Only weeks after the Corfu incident, Mussolini sent a military officer to govern the city of Fiume, which he claimed was falling into anarchy. Mussolini managed to secure an agreement with Yugoslavia in January 1924 in the Pact of Rome in which Fiume was annexed to the Italian state. However, as the city was cut off from its surrounding countryside it did not develop its potential and proved to be a financial drain. Yet it did prove that Mussolini could use the traditional methods of diplomacy when it was necessary. In the 1920s Mussolini also showed himself anxious to win a dominant position in Albania, across the Adriatic Sea. He sought to turn Albania into an Italian puppet by lavishing money and arms. The result was the establishment of a protectorate in Albania in 1926. Libya, an Italian colony since 1912, was brought under review. Free speech and other liberties were withdrawn.

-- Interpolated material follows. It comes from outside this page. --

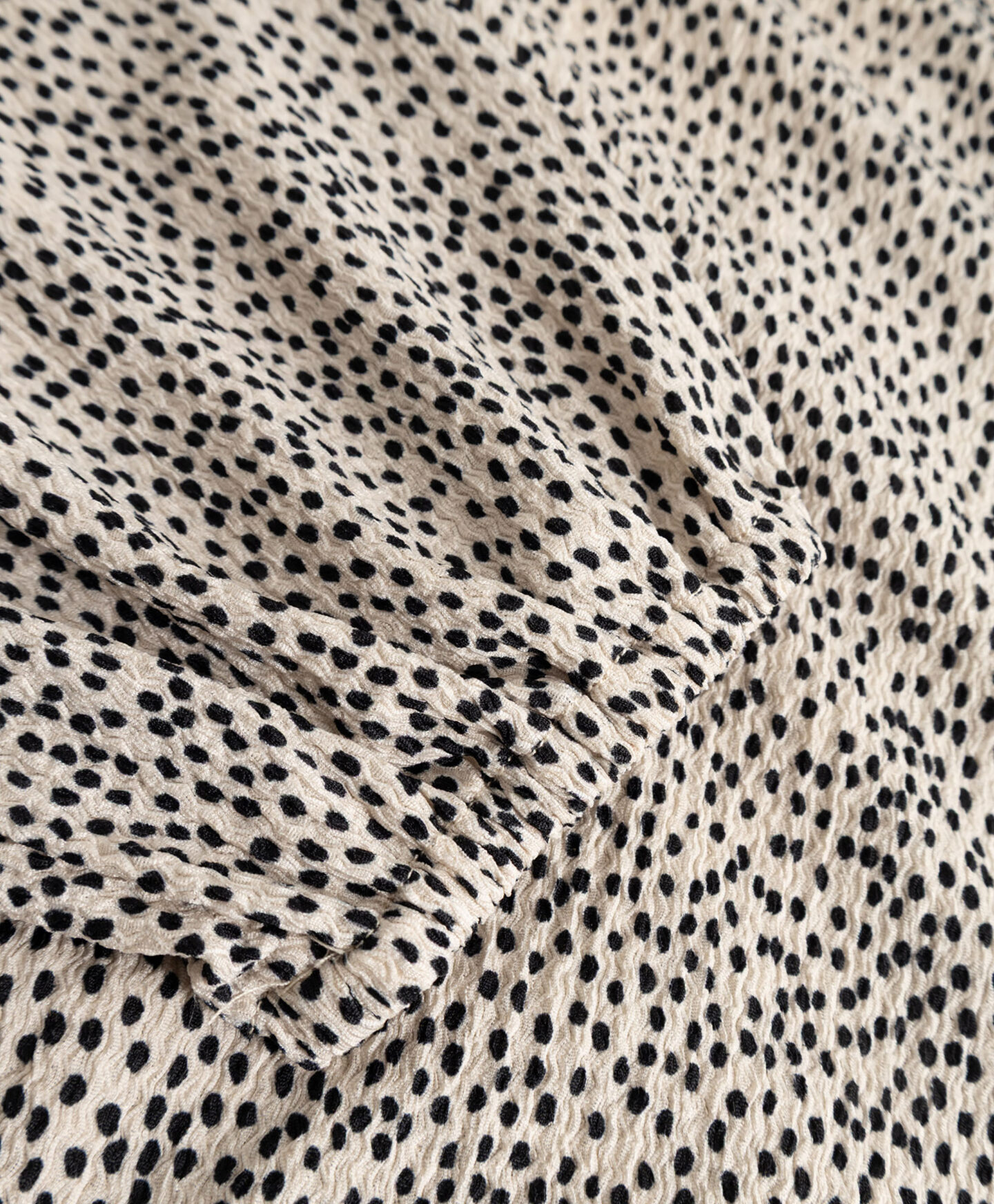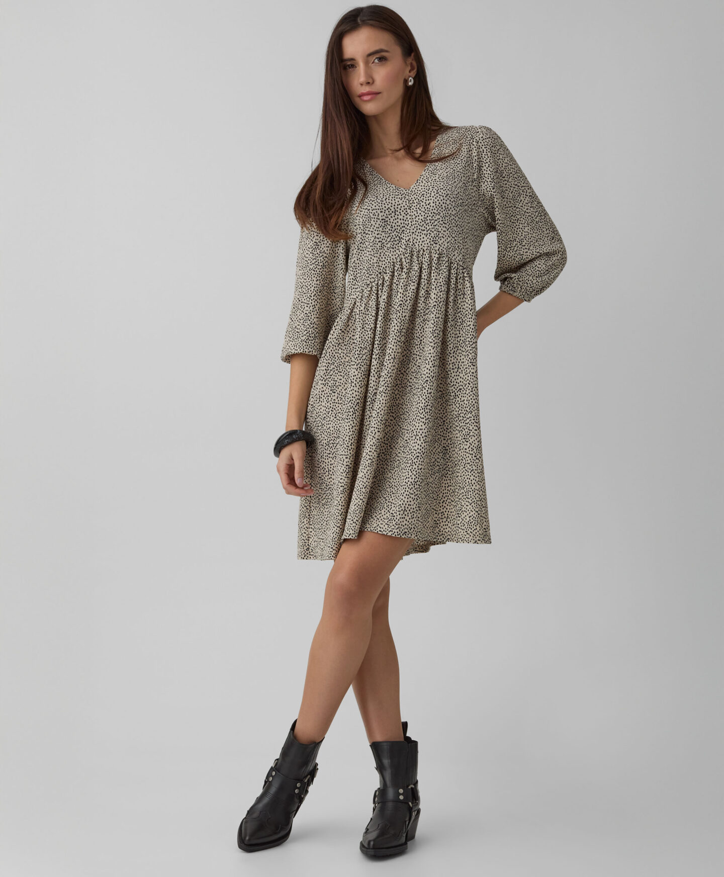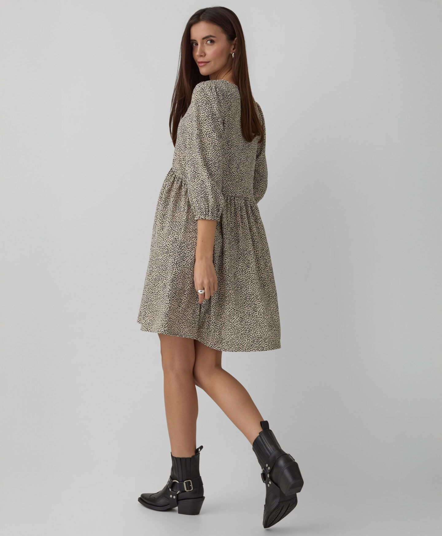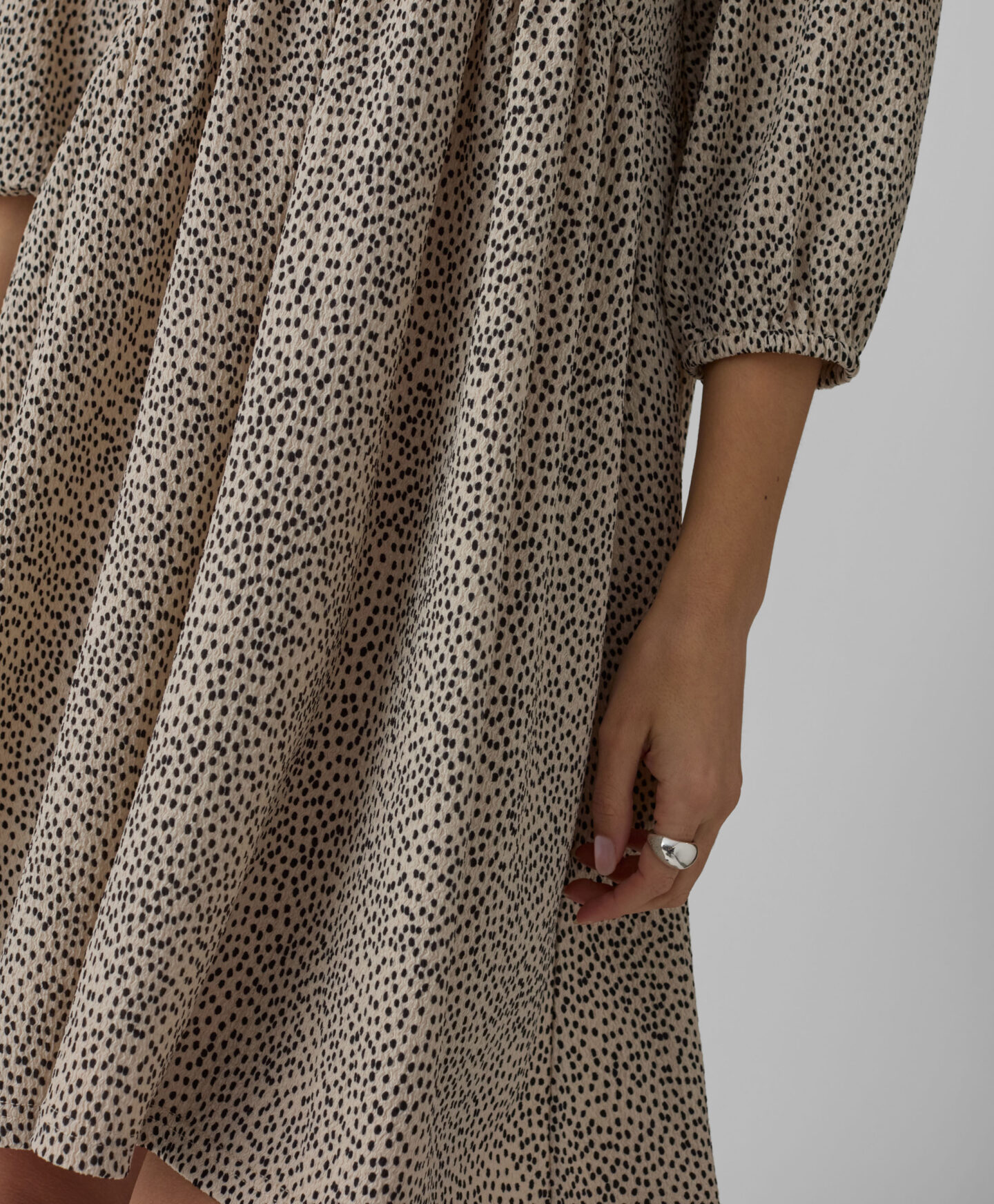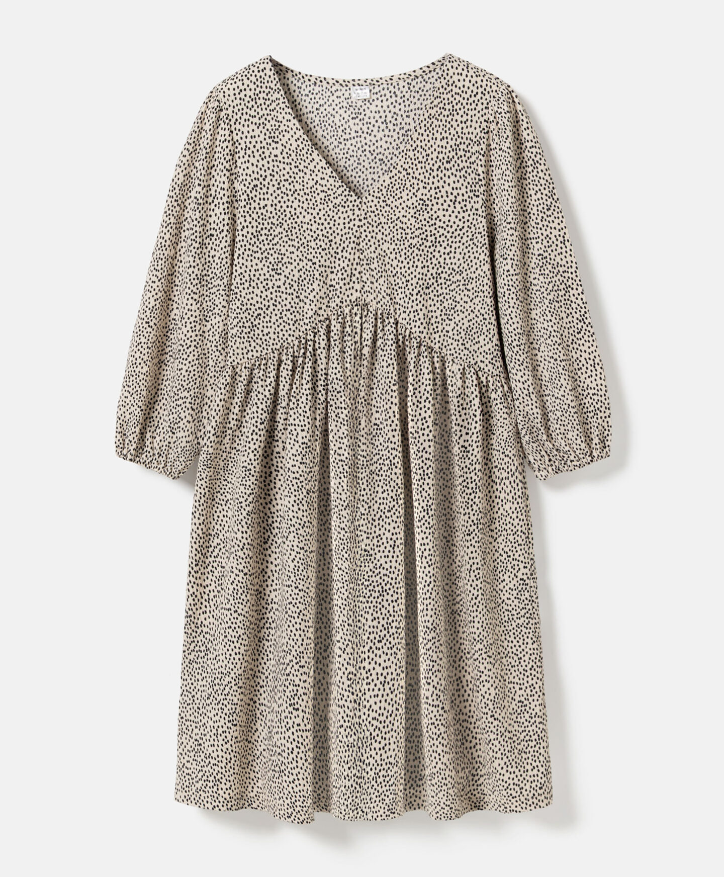 Marga suknelė išsiskiria netaisyklingu raštu. Paraukimai sukuria trimatę formą, kuri modeliuoja siluetą. Elegantiška V formos iškirptė pabrėžia kaklą ir suteikia lengvumo visam įvaizdžiui. Minkštas audinys užtikrina patogų dėvėjimą visą dieną. Prie suknelės galite avėti tiek sportinius batelius, tiek balerinos batelius ar aulinukus.

Mussolini gloried in the image of international statesman. He knew that he could not afford to isolated in the councils of Europe and so attentended many international conferences in the 1920s as well as signing a number of treaties. He rushed to Locarno to set his seal on the treaty agreeing to the Franco-German border. He eagerly participated in the Kellogg-Briand pact outlawing war. In 1938 he revelled in the limelight as the arbiter of peace at the Munich conference. However these were chiefly an exercise in public relations as Mussolini was prepared to sign a treaty just for the effect it would have on the public and without bothering too much on the details of what it contained. Treaties were just pieces of paper with no binding force if circumstances changed. Meanwhile, the rise of Hitler and the Nazis worried Mussolini and in 1934 he made clear his opposition to a union between Germany and Austria Anschluss In January 1935 a formal treaty was signed with France. Then at Stresa in April, Italy, France and Britain jointly condemned Hitler’s re-armament plans and committed themselves to close and cordial collaboration to maintain the status quo in Europe.
Mussolini once declared My objective is simple I want to make Italy great, respected and feared.
Believing that France and Britain would curtail Hitler’s aggressiveness, Mussolini turned his attention to North Africa to Abyssinia. Its resources were said to include great riches. Using the Italian defeat of Adowa in 1896 and Italy’s subsequent expulsion from Abyssinia as well as the death of 30 Italian soldiers at Walwal in 1934 it was also the last unoccupied area of Africa. Mussolini on the 3rd of October 1935 launched his attack, without first declaring war. Modern weaponry including poison gas, aircraft and tanks, ensured victory over the poorly equipped Ethiopians. Haile Selaisse, the emperor of Abyssinia appealed to the League of Nations and economic sanctions were imposed. Thee however proved of little use as they were only partial and oil and coal were excluded and some states refused to abide them. The attack and conquest of Abyssinia led to the break up of the Stresa Front and the withdrawal of Italy from the League of Nations in December 1937.
A further consequence of the Abyssinian attack was that it drove Mussolini to have closer ties with Hitler’s Germany. Hitler was the only major leader not to have criticised Italianaggression and relations between the two now started to improve. Both Hitler and Mussolini supported France and the Nationalists during the Spanish Civil War. For Mussolini there was the attraction of appearing as the staunch opponent of communism and perhaps gaining naval bases in the Balearic Islands from a grateful Franco. Large quantities of planes, weapons and ammunition as well as some 75,000 men were also supplied. However the Spanish Civil War was expensive commitment which brought little reward except to strengthen ties between Rome and Berlin. In November 1937 Italy joined Japan and Germany in the Anti-Comintern Pact.
In September 1938 Mussolini won prestige as a peacemaker when he appeared as the man behind the Munich Conference. Germany’s eventual seizure of the rest of Czechoslovakia in March 1939 pushed Mussolini into proving that Italy also ha the will to conquer and expand. Accordingly, in April he seized Albania, which was an Italian protectorate. In May 1939 Italy signed the Pact of Steel with Germany, which committed Italy to military undertakings.
When Germany invaded Poland and World War II was declared Italians were thunderstruck, as they had not expected war until 1943. Mussolini that Italy was not ready for war unless huge quantities of raw materials and armaments wee forthcoming. Hitler was thus forced to go to war without the aid of his Italian ally.
As the Germans swept all before them Mussolini became convinced that unless he acted quickly the war would be over and Italy would have made no gains. Thus on the 10th of June 1940 Italy joined the war in the side of Germany against what he called ‘the reactionary democracies of the West. This was a decision that ultimately led to his downfall and the collapse of the Fascist state. Any examination of Mussolini’s foreign policy show that his was a complex and contradictory personality, all too willing to believe in the myth of his own infallibility. He had little capacity for long-range planning and was more concerned with the winning of prestige for himself and his Fascist state.